- EXERCISE AIM -
Return the lines below exactly, from the first line to the line that contains "Optimize your workspace". Leave out pictures.

(SUPPLIED RECORDS)

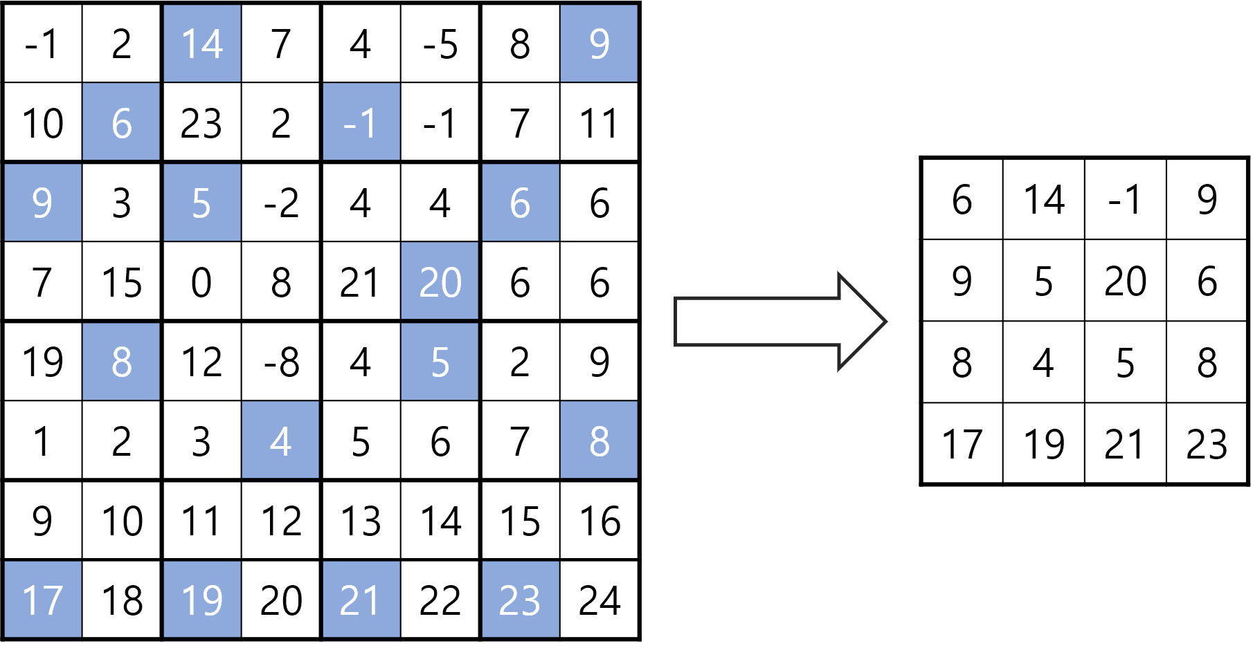 다음은 8×8 행렬이 주어졌다고 가정했을 때 222-풀링을 1회 적용하는 과정을 설명한 것이다
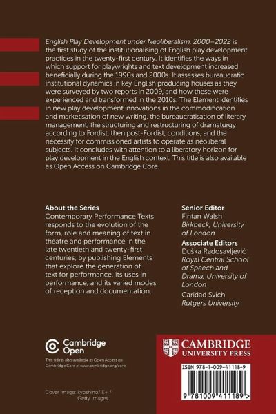 This Element is the first study of the institutionalising of English play development practices in the twenty-first century. It identifies how support for playwrights and text increased during the 1990s and 2000s, and draws attention to a liberatory horizon for play development. This title is also available as Open Access on Cambridge Core.
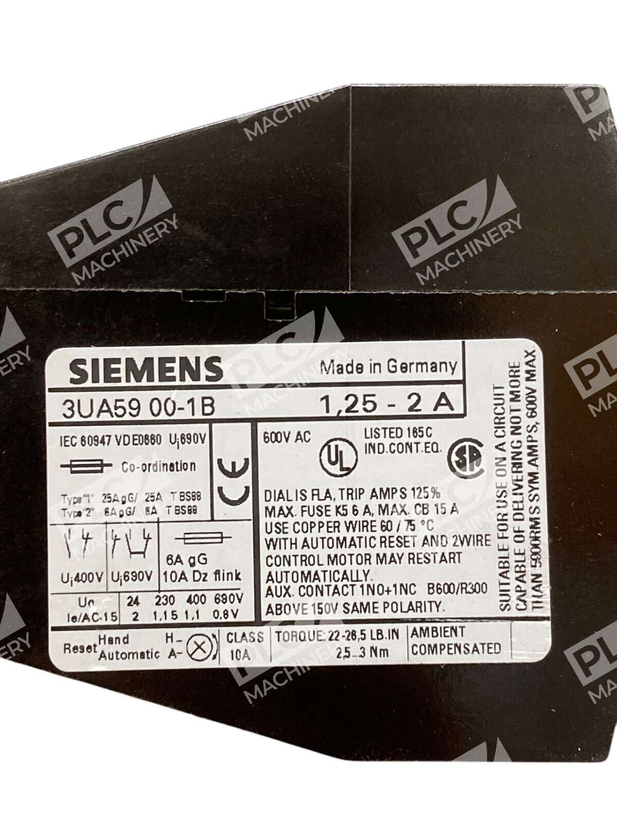 The Siemens 3UA5900-1B 1.25-2A Overload Relay is a high-quality electrical component designed for industrial and commercial applications. This relay, manufactured by Siemens, is specifically designed to provide overload protection for electrical devi
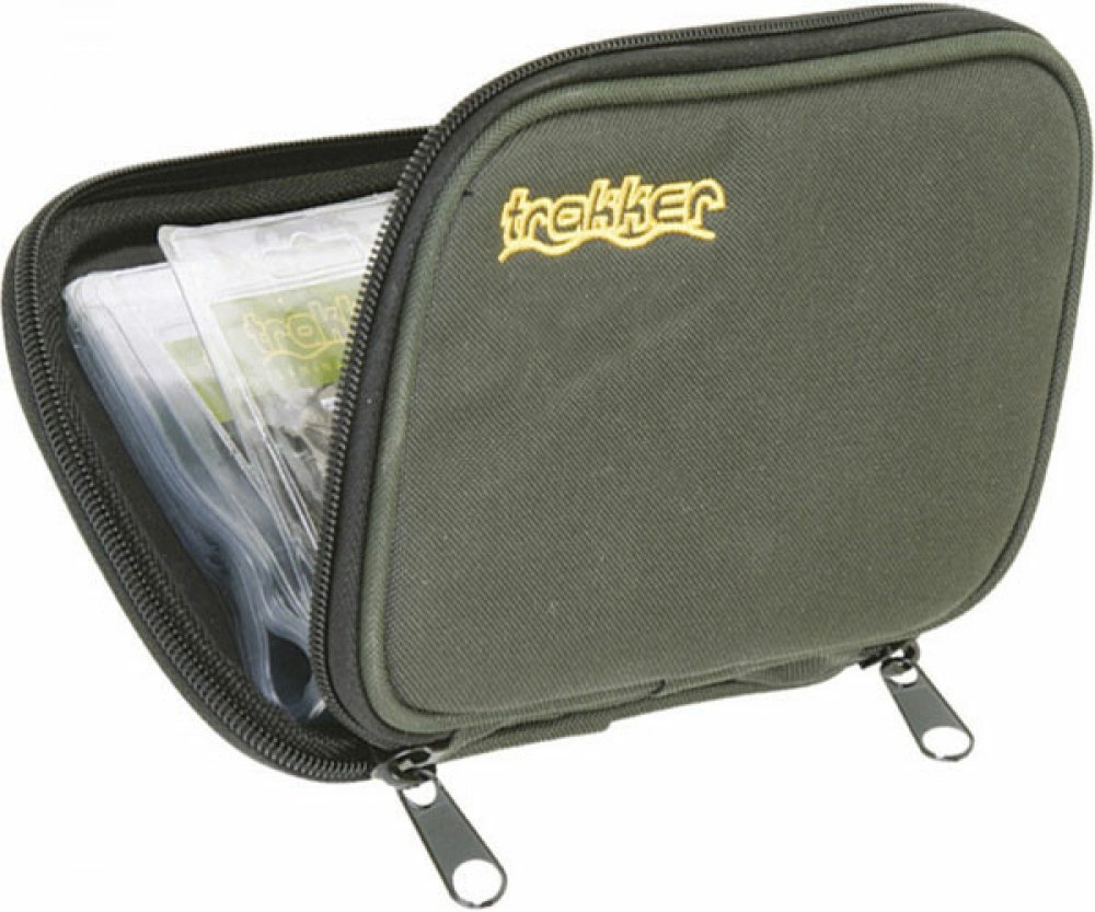 Rybářské pouzdro Trakker Rig Pouch je určeno pro přehledné a bezpečné uložení navázaných háčků a návazců. Uvnitř se nachází 20 ks čirých PVC sáčků o velikosti listu 18 × 10,5 cm, které jsou uprostřed rozdělené, takže vzniknou dvě kapsy o rozměru přibližně 9 × 9 cm. Sáčky nejsou uzavíratelné - horní část je otevřená pro rychlé vložení a vyjmutí návazce.
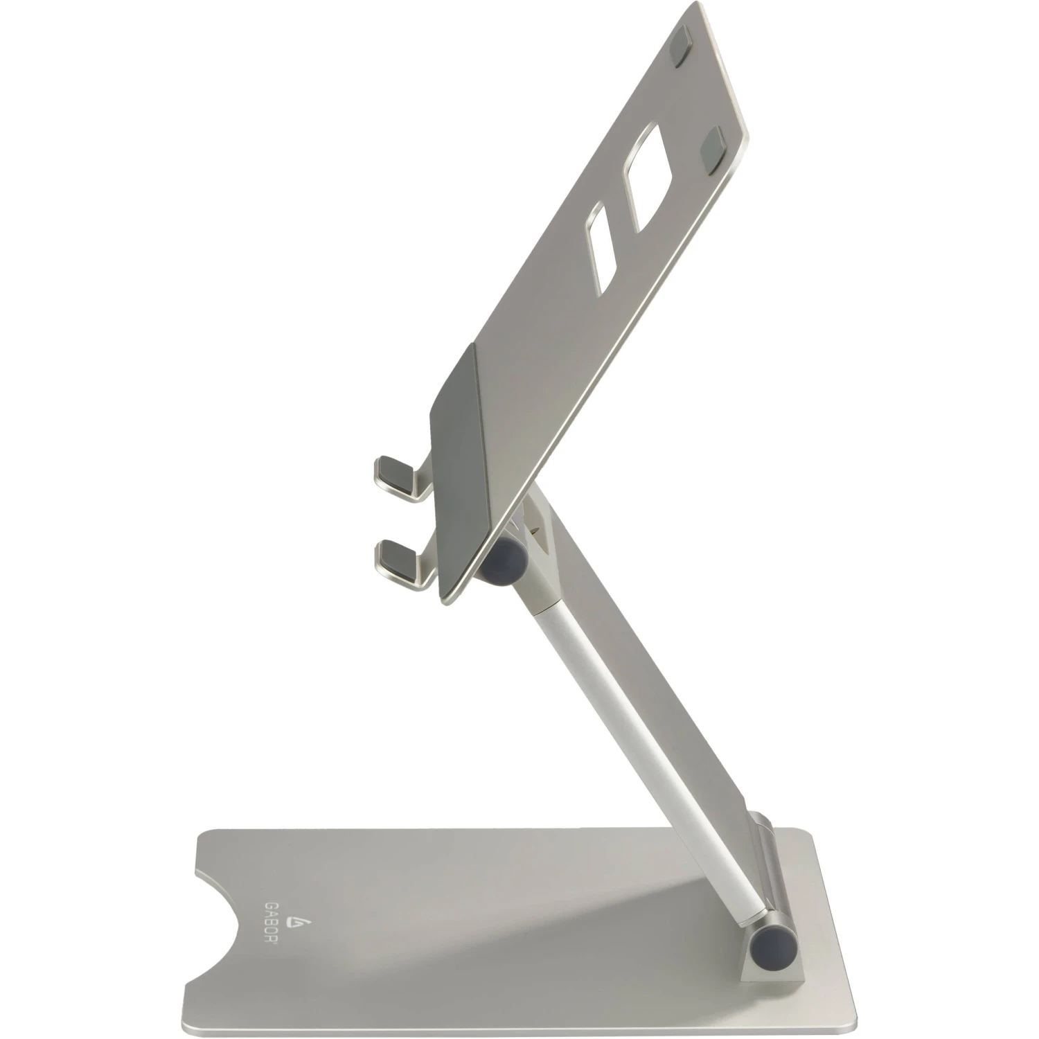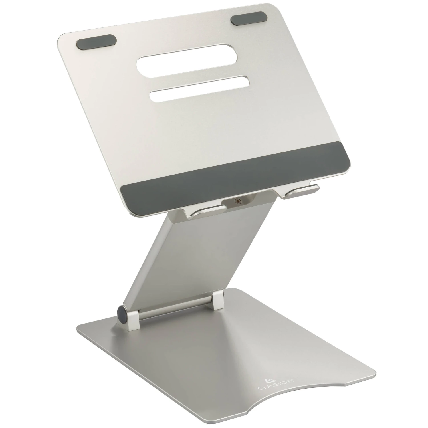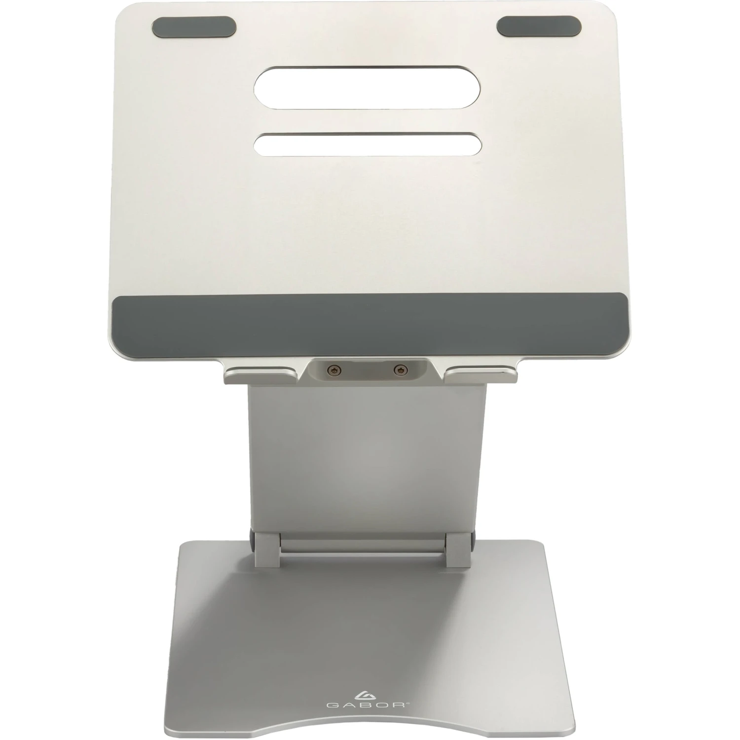 Optimize your workspace for comfort and efficiency with the Gabor Laptop Rising Flex Stand. This fully adjustable aluminum stand can raise your 10 to 17″ laptop screen up to 12.7″ for an eye-level view that helps to relieve shoulder and neck tension. The tilt also provides added comfort as you type. Simply extend the stand to your desired height and tighten it to lock in the position. The stand collapses to a 2.2″ thickness for easy travel.
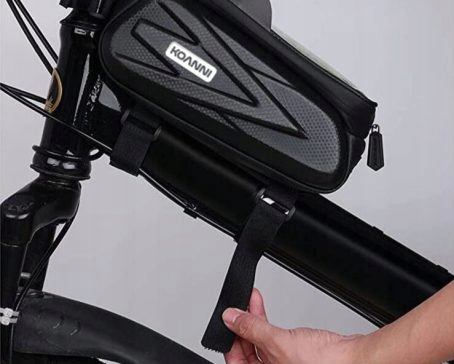 Велосипедная сумка, оснащенная одной большой камерой и дополнительной крышей защиты от солнечных лучей.
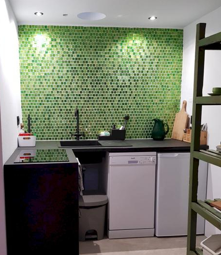 Kitchen: coffee machine, kettle, toaster, oven, fridge with freezer, cookware, dishes & cutlery
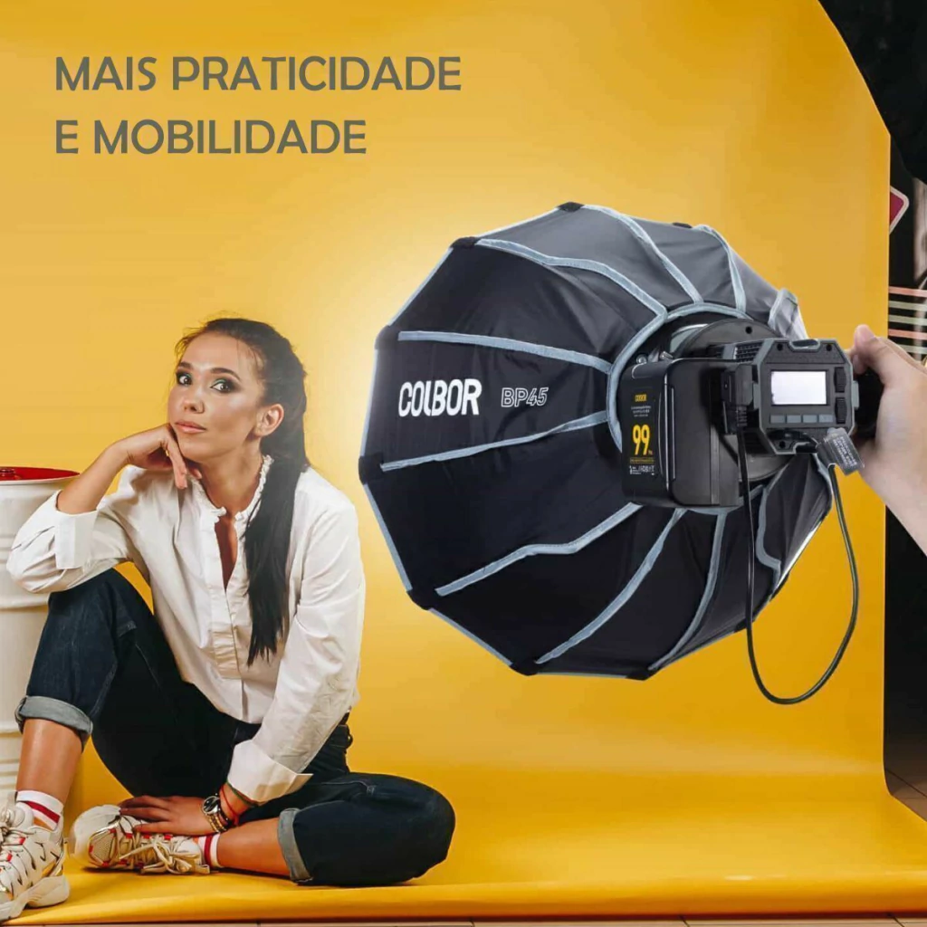 proporciona uma fixação confortável e segura para o corpo do iluminador ou
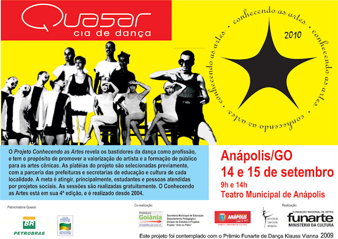 A Quasar Cia de Dança apresenta seus espetáculos para cerca de 9.000 crianças e pré-adolescentes matriculados em escolas da rede pública estadual de ensino, na quarta edição do projeto Conhecendo as Artes.As primeiras performances estão marcadas para esta semana, dias 11 e 14 de junho, na cidade de Quirinópolis. O Conhecendo as Artes é um projeto para a democratização do universo das artes, com foco na dança como profissão. Esta edição, ampliada para outros municípios do estado de Goiás, é realizada com o patrocínio da Funarte, por meio do Prémio de Dança Klauss Vianna – Ano 2009.
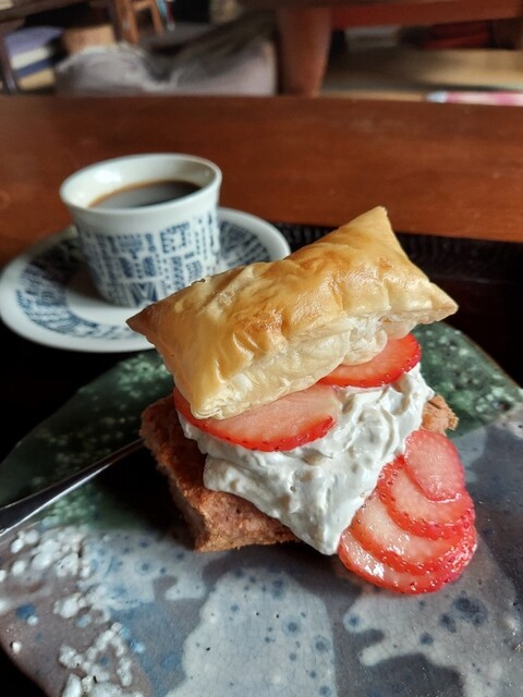 本日のメニューはうろ覚えですが、おからのハンバーグ、筍とフキの煮物、ワカメとほうれん草のゴマソース添え、かぼちゃのスープ、漬物、グレープフルーツのゼリーでした。筍とフキの煮物は大好物です。以前一緒に来た娘に食事の写真を送ったところ、「前回にも増しておいしそう」と返事が来ましたね。色使いもとても鮮やかでおいしくしっかりやさしくいただきました。今日はゆっくりできたのでケーキとコーヒーも初めて追加。なんと大好きなイチゴではありませんか。見た目でまず感動。食べてまた感動。この出会いに感謝するほどでした。

(End SUPPLIED RECORDS)

- SOLUTION -
 다음은 8×8 행렬이 주어졌다고 가정했을 때 222-풀링을 1회 적용하는 과정을 설명한 것이다
 This Element is the first study of the institutionalising of English play development practices in the twenty-first century. It identifies how support for playwrights and text increased during the 1990s and 2000s, and draws attention to a liberatory horizon for play development. This title is also available as Open Access on Cambridge Core.
 The Siemens 3UA5900-1B 1.25-2A Overload Relay is a high-quality electrical component designed for industrial and commercial applications. This relay, manufactured by Siemens, is specifically designed to provide overload protection for electrical devi
 Rybářské pouzdro Trakker Rig Pouch je určeno pro přehledné a bezpečné uložení navázaných háčků a návazců. Uvnitř se nachází 20 ks čirých PVC sáčků o velikosti listu 18 × 10,5 cm, které jsou uprostřed rozdělené, takže vzniknou dvě kapsy o rozměru přibližně 9 × 9 cm. Sáčky nejsou uzavíratelné - horní část je otevřená pro rychlé vložení a vyjmutí návazce.
 Optimize your workspace for comfort and efficiency with the Gabor Laptop Rising Flex Stand. This fully adjustable aluminum stand can raise your 10 to 17″ laptop screen up to 12.7″ for an eye-level view that helps to relieve shoulder and neck tension. The tilt also provides added comfort as you type. Simply extend the stand to your desired height and tighten it to lock in the position. The stand collapses to a 2.2″ thickness for easy travel.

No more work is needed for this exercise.